CHAUVIN FACES 3RD-DEGREE MURDER CHARGE
A judge on Thursday granted prosecutors’ request to add a third-degree murder count against a former Minneapolis police officer charged in George Floyd’s death, offering jurors an additional option for conviction and resolving an issue that might have delayed his trial for months.
Hennepin County Judge Peter Cahill reinstated the charge after the former officer, Derek Chauvin, failed to get appellate courts to block it. Cahill had earlier rejected the charge as not warranted by the circumstances of Floyd’s death, but an appellate court ruling in an unrelated case established new grounds.
Chauvin already faced second-degree murder and manslaughter charges. Legal experts say the additional charge helps prosecutors by giving jurors another option to find Chauvin guilty of murder. Cahill told potential jurors after the ruling that he still expects opening statements on March 29.
The dispute over the third-degree murder charge revolved around wording in the law that references an act “eminently dangerous to others.” Cahill’s initial decision to dismiss the charge noted that Chauvin’s conduct might be construed as not dangerous to anyone but Floyd.
But prosecutors sought to revive the charge after the state’s Court of Appeals recently upheld the third-degree murder conviction of another former Minneapolis police officer in the 2017 killing of an Australian woman. They argued that the ruling established precedent that the charge could be brought even in a case where only a single person is endangered.
Arguments over when the precedent from former officer Mohamed Noor’s case took effect went swiftly to the state’s Supreme Court, which on Wednesday said it would not consider Chauvin’s appeal. Cahill said Thursday that he accepts that precedent has been clearly established.

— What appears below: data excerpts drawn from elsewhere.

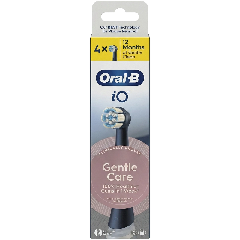 Oral-B iO Gentle Care Nachfüllbürsten (4 Stück, Schwarz) sind ideal für alle, die eine besonders sanfte und dennoch effektive Zahnreinigung wünschen. Die weichen, fein geformten Borsten sorgen für ein angenehmes Putzgefühl und schonen das Zahnfleisch, ohne die Reinigungsleistung zu beeinträchtigen. Die Borsten wurden speziell für empfindliches Zahnfleisch entwickelt und reduzieren das Risiko von Irritationen, während sie gleichzeitig Plaque und Ablagerungen effektiv lösen. Die abgerundete Form macht das Putzen angenehmer, selbst bei empfindlichem Zahnfleisch. Dank des abgewinkelten Designs erreichen Sie auch schwer zugängliche Stellen, an denen sich Plaque häufig ansammelt. Das Ergebnis: ein sauberes Mundgefühl und ein frisches Mundgefühl nach jedem Putzen. Diese Bürstenköpfe wurden speziell für Oral-B iO elektrische Zahnbürsten entwickelt und gewährleisten in Kombination mit der fortschrittlichen Technologie der iO optimale Ergebnisse. Um die hohe Reinigungswirkung zu erhalten, empfiehlt Oral-B, den Bürstenkopf alle drei Monate zu wechseln. Details: - Bürstenköpfe - 4 Stück - Entwickelt für empfindliches Zahnfleisch - Effektive Plaqueentfernung ohne Irritationen - Weiche, abgewinkelte Borsten für eine sanfte Reinigung - Optimiert für schwer erreichbare Stellen - Kompatibel mit allen Oral-B iO elektrischen Zahnbürsten - Empfohlener Austausch alle 3 Monate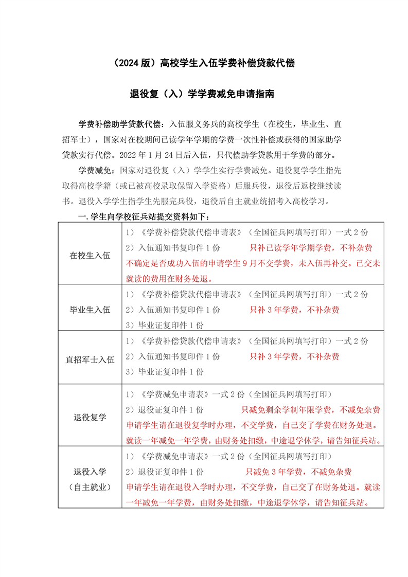 高校学生入伍学费补偿贷款代偿退役复(入)学学费减免申请指南(2024版)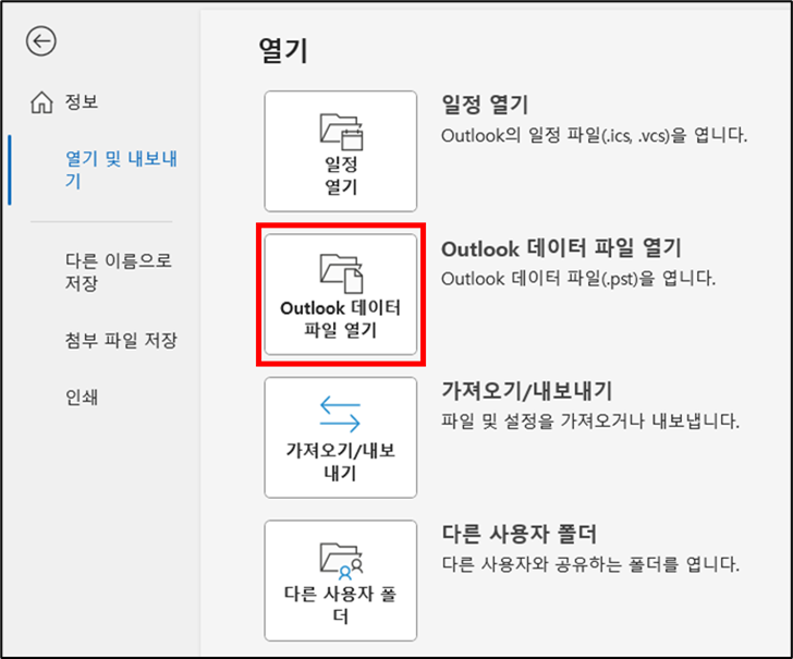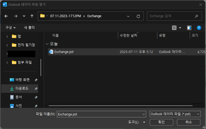 방금 다운 받은 폴더에서 pst 파일을 찾아 열어줍니다.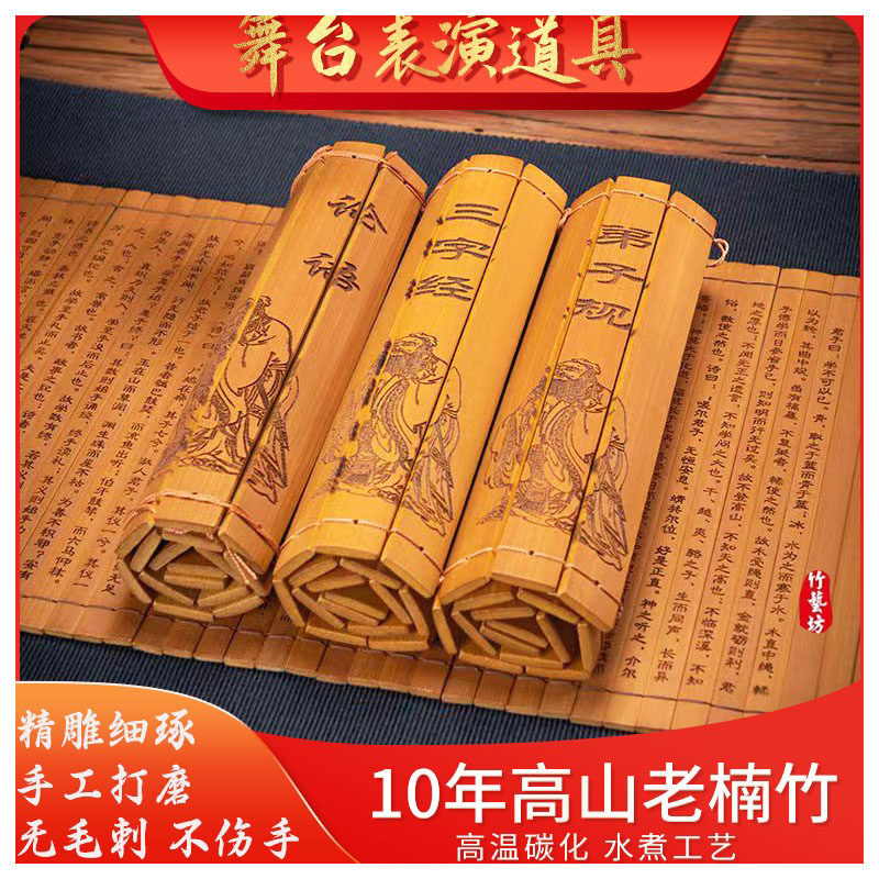 空白卷轴竹简弟子规论语唐诗大学定做书激光雕刻儿童国学舞台道具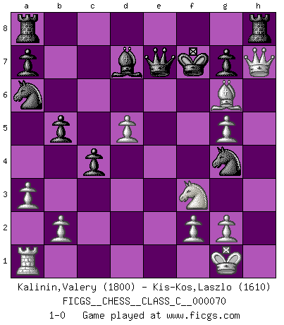 Last move : 1-0 2008 March 2 19:11:8 [Event "FICGS__CHESS__CLASS_C__000070"] [Site "FICGS"] [Date "2007.12.26"] [Round "1"] [White "Kalinin,Valery"] [Black "Kis-Kos,Laszlo"] [Result "1-0"] [WhiteElo "1800"] [BlackElo "1610"] 1.d4 Nf6 2.c4 c5 3.d5 e6 4.Nc3 exd5 5.cxd5 d6 6.Bg5 Be7 7.e4 O-O 8.h4 Ng4 9.Nf3 f5 10.Bd3 Na6 11.O-O Bxg5 12.hxg5 Nb4 13.Bb1 Bd7 14.a3 Na6 15.Qb3 fxe4 16.Nxe4 b5 17.Qd3 c4 18.Qc2 Qe7 19.Nxd6 Qxd6 20.Qxh7+ Kf7 21.Re1 Rh8 22.Re7+ Qxe7 23.Bg6+ 1-0 Benoni defense Kingside Castling by player Black (move 7) Kingside Castling by player White (move 11) Player White won this chess game. Follow this game move after move (download)Pawns: they are the soul of this game, they alone form the attack and defense. (Philidor) Im Spitzenschach von heute geht es nur um Vorbereitung, um tiefgründige, sorgfältige Eröffnungsvorbereitung. (Nigel Short) La esencia del Ajedrez es pensar acerca de lo que el Ajedrez es. (David Bronstein) Les pièces de l'échiquier étaient impitoyables. Elles le retenaient, elles l'absorbaient. Il y avait de l'horreur en cela, mais aussi une harmonie unique. Car, qu'y a-t-il dans le monde, à part les échecs ? (V. Nabokov) Life is the sum of all your choices. (Albert Camus)

“I feel bound by that and I feel it would be an abuse of discretion not to grant the motion,“he said.
Floyd was declared dead on May 25 after Chauvin, who is White, pressed his knee against the Black man’s neck for about nine minutes. Floyd’s death sparked sometimes violent protests in Minneapolis and beyond, leading to a nationwide reckoning on race.
Jury selection resumed Thursday for the third day as attorneys grappled further with the challenges of seating an impartial and diverse jury in such a highprofile case.
By day’s end, the jury included five men and one woman. Cahill said three are White, one is multiracial, one is Hispanic and one is Black.
The sole juror picked Thursday described himself as an outgoing, family-oriented soccer fan for whom the prospect of the trial was “kind of exciting.”